286. Here is the subroutine that searches the hash table for an identifier that matches a given string of length l > 0 appearing in buffer[j .. (j + l - 1)] . If the identifier is found, the corresponding hash table address is returned. Otherwise, if the global variable no_new_control_sequence is true , the dummy address undefined_control_sequence is returned. Otherwise the identifier is inserted into the hash table and its location is returned.

// search the hash table
function id_lookup(j, l: integer): pointer {
    label found; // go here if you found it
    var
      h: integer, // hash code
      d: integer, // number of characters in incomplete 
      // current string
      p: pointer, // index in hash array
      k: pointer, // index in buffer array
      ll: integer; // length in UTF16 code units
    
    ⟦288 Compute the hash code |h|⟧
    // we start searching here; note that 0 <= h < 
    // hash_prime 
    p = h + hash_base;
    ll = l;
    for (d in 0 to l - 1) {
        if (buffer[j + d] >= 0x10000) {
            incr(ll);
        }
    }
    loop {
        if (text(p) > 0) {
            if (length(text(p)) == ll) {
                if (str_eq_buf(text(p), j)) {
                    goto found;
                }
            }
        }
        if (next(p) == 0) {
            if (no_new_control_sequence) {
                p = undefined_control_sequence;
            } else {
                ⟦287 Insert a new control sequence after |p|, then make |p| point to it⟧
            }
            goto found;
        }
        p = next(p);
    }
  found:
    id_lookup = p;
}

287.

⟦287 Insert a new control sequence after |p|, then make |p| point to it⟧ = ⟦
    {
        if (text(p) > 0) {
            if (hash_high < hash_extra) {
                incr(hash_high);
                next(p) = hash_high + eqtb_size;
                p = hash_high + eqtb_size;
            } else {
                repeat {
                    if (hash_is_full) {
                        overflow(
                          strpool!("hash size"),
                          hash_size + hash_extra,
                        );
                    }
                    decr(hash_used);// search for an empty 
                    // location in hash 
                } until (text(hash_used) == 0);
                next(p) = hash_used;
                p = hash_used;
            }
        }
        str_room(ll);
        d = cur_length;
        while (pool_ptr > str_start_macro(str_ptr)) {
            decr(pool_ptr);
            str_pool[pool_ptr + l] = str_pool[pool_ptr];
            // move current string up to make room for 
            // another
        }
        for (k in j to j + l - 1) {
            if (buffer[k] < 0x10000) {
                append_char(buffer[k]);
            } else {
                append_char(
                  0xd800 + (buffer[k] - 0x10000) div 0x400,
                );
                append_char(
                  0xdc00 + (buffer[k] - 0x10000) % 0x400,
                );
            }
        }
        text(p) = make_string;
        pool_ptr = pool_ptr + d;
        stat!{
            incr(cs_count);
        }
    }
⟧

288. The value of hash_prime should be roughly 85% of hash_size , and it should be a prime number. The theory of hashing tells us to expect fewer than two table probes, on the average, when the search is successful. [See J. S. Vitter, Journal of the ACM 30 (1983), 231–258.]
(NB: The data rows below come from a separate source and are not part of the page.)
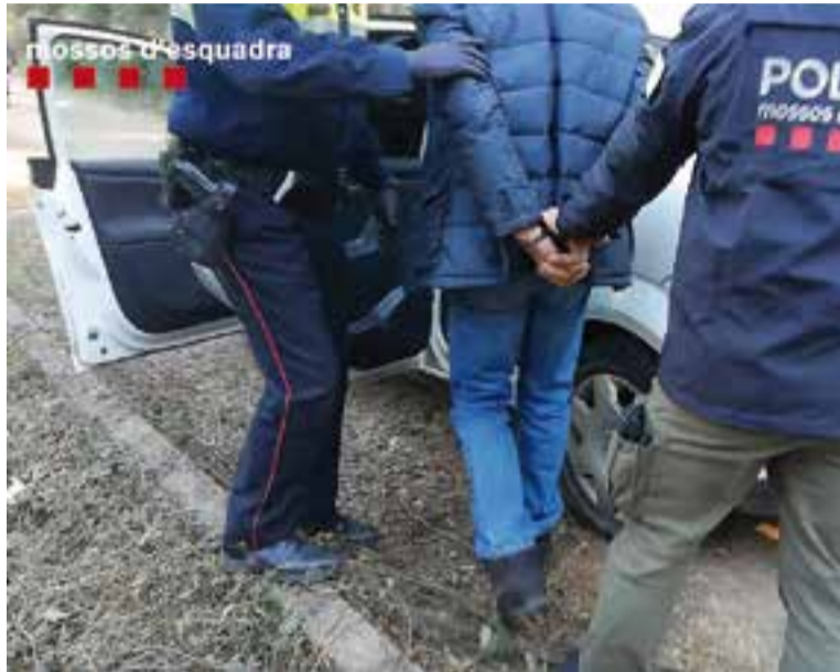
Imatge d'una de les detencions.

La investigació es va iniciar el 14 d'octubre, quan es va tenir coneixement d'un robatori en un bar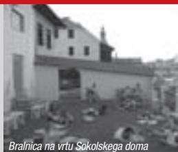
Bralnica na vrtu Sokolskega doma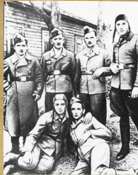
Поляки – участники Сещинского подполья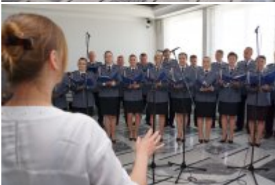
Chór Policji Garnizonu Warmińsko - Mazurskiego podczas wizyty w Senacie RP #42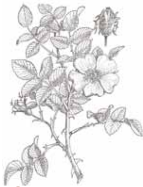
GAVARRERA ( Rosa canina )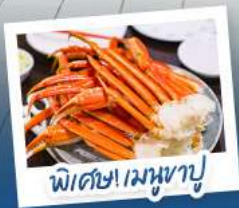
พิเศษ! เมฆหุบ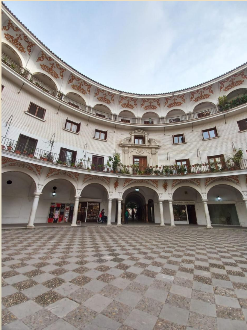
Piazza del Capildo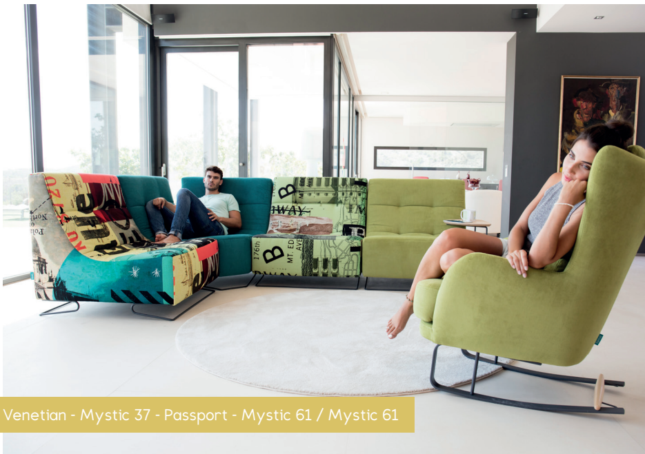
Venetian - Mystic 37 - Passport - Mystic 61 / Mystic 61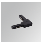
Cód. producto: TLSULIDB

Descripción: TRACK 48V ACC. INTM JOINT DALI WH.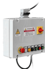
BOÎTIER ÉLECTRIQUE Panneau de commande électrique, pouvant être doté de fonctions supplémentaires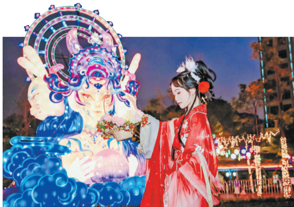
▲厦门灵玲国际马戏城为市民游客奉上新意十足、潮味满满的新春彩灯盛宴。

摘果子、喂动物、做手工……和孩子一起体验田园劳作乐趣。春节期间,集美的果乐园、大地农场研学基地等都推出了兔年主题活动,在大地农场研学基地,大朋友、小朋友不仅可以体验下水捞鱼、鸡窝捡鸡蛋等“农家乐”,还能和孩子一起认种、认领小菜园,学习国学、礼射等传统文化。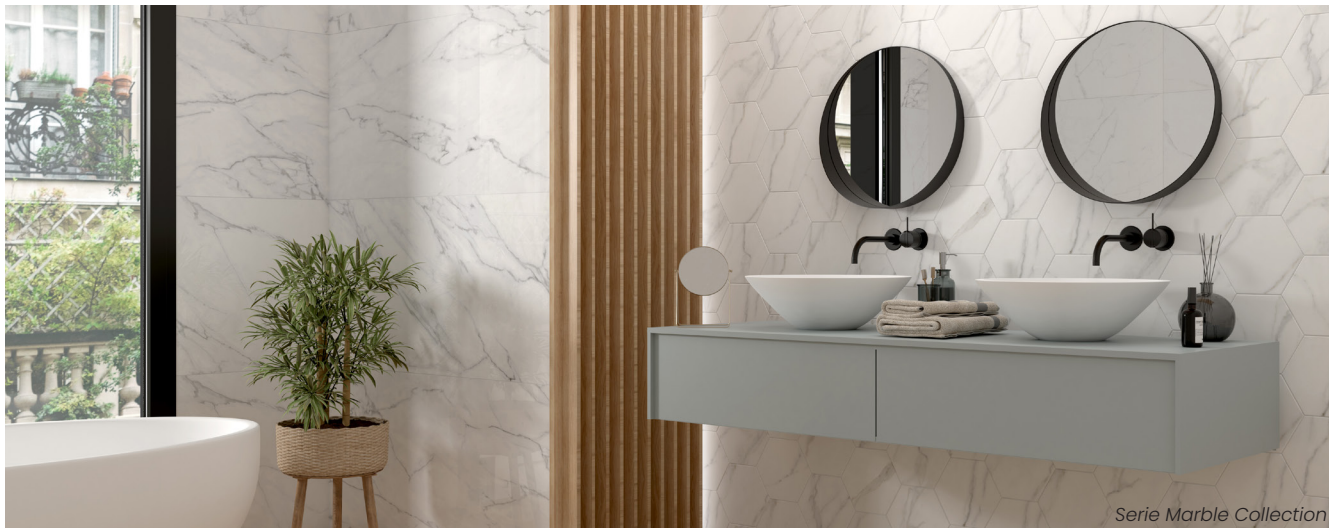
Serie Marble Collection

⟦288 Compute the hash code |h|⟧ = ⟦
    h = 0

    for (k in j to j + l - 1) {
        h = h + h + buffer[k];
        while (h >= hash_prime) {
            h = h - hash_prime;
        }
    }
⟧

289. Here is the subroutine that searches the primitive table for an identifier

// search the primitives table
function prim_lookup(s: str_number): pointer {
    label found; // go here if you found it
    var
      h: integer, // hash code
      p: pointer, // index in hash array
      k: pointer, // index in string pool
      j, l: integer;
    
    if (s <= biggest_char) {
        if (s < 0) {
            p = undefined_primitive;
            goto found;
        } else {
            // we start searching here
            p = (s % prim_prime) + prim_base;
        }
    } else {
        j = str_start_macro(s);
        if (s == str_ptr) {
            l = cur_length;
        } else {
            l = length(s);
        }
        ⟦291 Compute the primitive code |h|⟧
        // we start searching here; note that 0 <= h < 
        // prim_prime 
        p = h + prim_base;
    }
    loop {
        //  p points a multi-letter primitive
        if (prim_text(p) > 1 + biggest_char) {
            if (length(prim_text(p) - 1) == l) {
                if (str_eq_str(prim_text(p) - 1, s)) {
                    goto found;
                }
            }
        } else if (prim_text(p) == 1 + s) {
            //  p points a single-letter primitive
            goto found;
        }
        if (prim_next(p) == 0) {
            if (no_new_control_sequence) {
                p = undefined_primitive;
            } else {
                ⟦290 Insert a new primitive after |p|, then make |p| point to it⟧
            }
            goto found;
        }
        p = prim_next(p);
    }
  found:
    prim_lookup = p;
}

290.

⟦290 Insert a new primitive after |p|, then make |p| point to it⟧ = ⟦
    {
        if (prim_text(p) > 0) {
            repeat {
                if (prim_is_full) {
                    overflow(
                      strpool!("primitive size"),
                      prim_size,
                    );
                }
                decr(prim_used);// search for an empty 
                // location in prim 
            } until (prim_text(prim_used) == 0);
            prim_next(p) = prim_used;
            p = prim_used;
        }
        prim_text(p) = s + 1;
    }
⟧

291. The value of prim_prime should be roughly 85% of prim_size , and it should be a prime number.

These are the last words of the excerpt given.